Sul crinale dell’Appennino modenese, alla quota di 1669 m, esiste un luogo denominato “Passo della Croce Arcana” che mette in collegamento l’Emilia Romagna con la Toscana. L’origine di questo nome suggestivo si perde nella notte dei tempi, quando i pellegrini attraversavano il valico nel loro itinerario verso Roma dopo aver fatto tappa presso l’allora importantissima Abbazia di Nonantola. Nelle belle giornate lo sguardo spazia a 360 gradi sulle vallate toscoemiliane, fino alle Alpi Apuane. Una curiosità: qui nel 2020 è stata registrata una raffica di vento a 270 km/h, un record nazionale che già deteneva in precedenza.
Sia dal versante pistoiese (Doganaccia, Cutigliano) che da quello modenese (Ospitale, Fanano) sale uno sterrato che raggiunge il passo; si tratta di una strada forestale ad accesso regolamentato per mezzi di soccorso, della forestale, dei rifugisti o di pochi altri autorizzati, ma da alcuni anni a questa parte i veicoli a motore si riversano al passo senza alcun rispetto né dell’evidente cartello di divieto (che viene regolarmente divelto) e della sbarra (che per ovvie ragioni non è chiusa con lucchetto per permettere accesso ai mezzi di soccorso) né dell’ambiente, parcheggiando dove capita, recando con sé lettini, tavoli, sdraio e sedie per picnic a pochi metri dal monumento in memoria delle vittime della Seconda Guerra Mondiale.
La solita mancanza di controlli per scarsità di risorse e di personale? Macché! Il sindaco di Fanano si lamentò perché la chiusura della strada avrebbe creato problemi di sicurezza con assembramenti nei parcheggi a valle, sovraffollati a causa del lockdown che aveva convogliato verso le montagne grandi quantità di turisti incapaci di rinunciare alle comodità nemmeno in un ambiente completamente diverso da quello urbano. Oggi che le norme per contrastare la pandemia si sono molto alleggerite non solo la situazione non è cambiata, ma la grande novità è questa: la strada è stata ceduta per un limitato periodo al Comune di Fanano che se ne assumerà gli oneri di manutenzione e relative responsabilità della gestione, con ciò permettendone il transito per un lungo tratto.
Da tempo il Comune vuole rendere carrabile la strada, coltivando un progetto “che prevede sistemazione del fondo e posa di nuova ghiaia mescolata a cemento in modo da rendere la strada bella, poco invasiva da un punto di vista estetico ma comunque resistente come l’asfalto” (si parla di zona B del Parco Regionale).
Ma questo progetto fa parte di un disegno molto più ampio ed articolato.
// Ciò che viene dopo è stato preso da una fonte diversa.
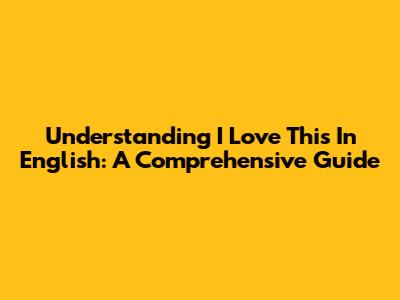 Understanding "I Love This" In English: A Comprehensive Guide
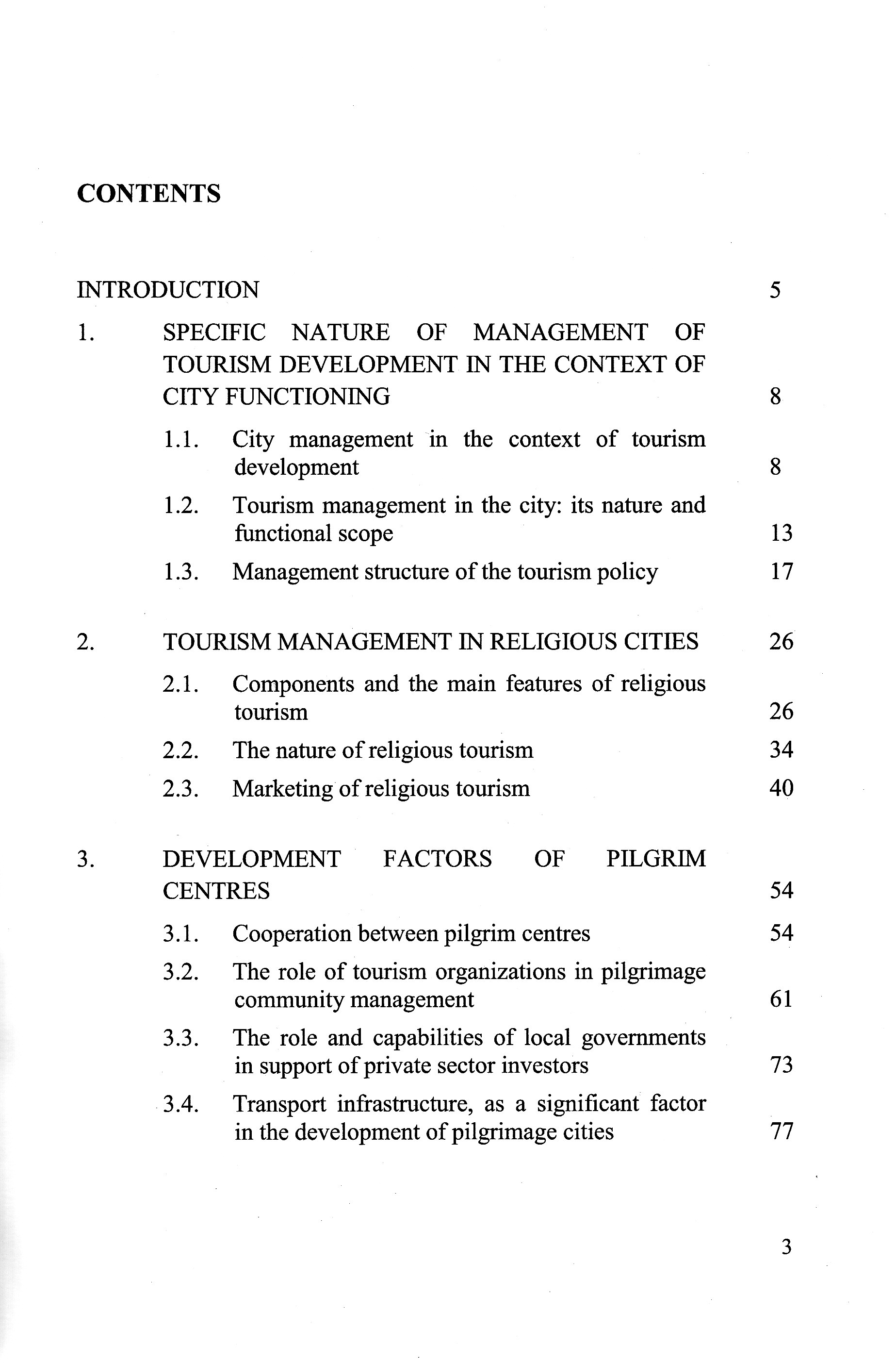 Specific nature of management of tourism development in the context of city functioning City management in the context of tourism development Tourism management in the city: its nature and functional scope Management structure of the tourism policy Tourism management in religious cities Components and the main features of religious tourism The nature of religious tourism Marketing of religious tourism Development factors of pilgrim centres Cooperation between pilgrim centres The role of tourism organizations in pilgrimage community management The role and capabilities of local governments in support of private sector investors Transport infrastructure, as a significant factor in the development of pilgrimage cities Pilgrim city development index (PCDI) - evaluation method of specific areas of Pilgrim cities development Characteristics of selected pilgrim cities Characteristics of pilgrims and evaluation of the image of the cities studied Pilgrim City Development Index (PCDI) description of the method The study of pilgrim city development using the author's PCDI method

La creazione di un megacomprensorio sciistico che parte dal Corno alle Scale nel bolognese ed arriva fino all’Abetone è il sogno nel cassetto di amministrazioni locali ed imprenditori, incuranti delle aree protette coinvolte e dei cambiamenti climatici in atto. Al Corno alle Scale siamo alle vie legali tra coloro che invocano la non obbligatorietà della Via (valutazione di impatto ambientale) per un ammodernamento degli impianti e le associazioni che invece sostengono si tratti di nuove strutture, incompatibili con le normative ambientali e da assoggettare a valutazione di impatto ambientale.
I lavori di ripristino della funivia da Doganaccia a Croce Arcana (partenza a quota 1500 m, sul versante sud), realizzata nel 1964 e dismessa nel 2004 per fine vita dell’impianto e scarso rendimento, sono stati nuovamente appaltati nel 2021 con inizio cantieri previsto nel 2023. Un mese fa la notizia del reperimento dei fondi per il collegamento tra Doganaccia e Corno alle Scale, oltre 15 milioni di euro: inutile sottolineare che si tratta di denaro pubblico per ottenere parte del quale occorre però il benestare del Ministero del Turismo.
Nella cordata che prenderà in gestione gli impianti del Corno alle Scale, oltre ad imprenditori locali e maestri di sci, figura tra gli altri l’ex ministro dell’Ambiente Gianluca Galletti: qualcuno forse lo ricorderà perché nel 2016, con una lettera congiunta, cinquanta alti esponenti della scienza e della cultura ne chiesero la sostituzione per manifesta inadeguatezza.
Le amministrazioni parlano di “un’occasione da non perdere per il rilancio di tutto il comprensorio”, e prospettano importanti ricadute economiche; nel frattempo il disegno complessivo avanza incurante della concomitanza di stagioni invernali sempre più corte e secche e sciatori in diminuzione, in un territorio dove i servizi per gli abitanti si riducono sempre più si decide di investire milioni di euro in impianti turistici dall’incerto futuro e di sicuro reddito solo per pochi.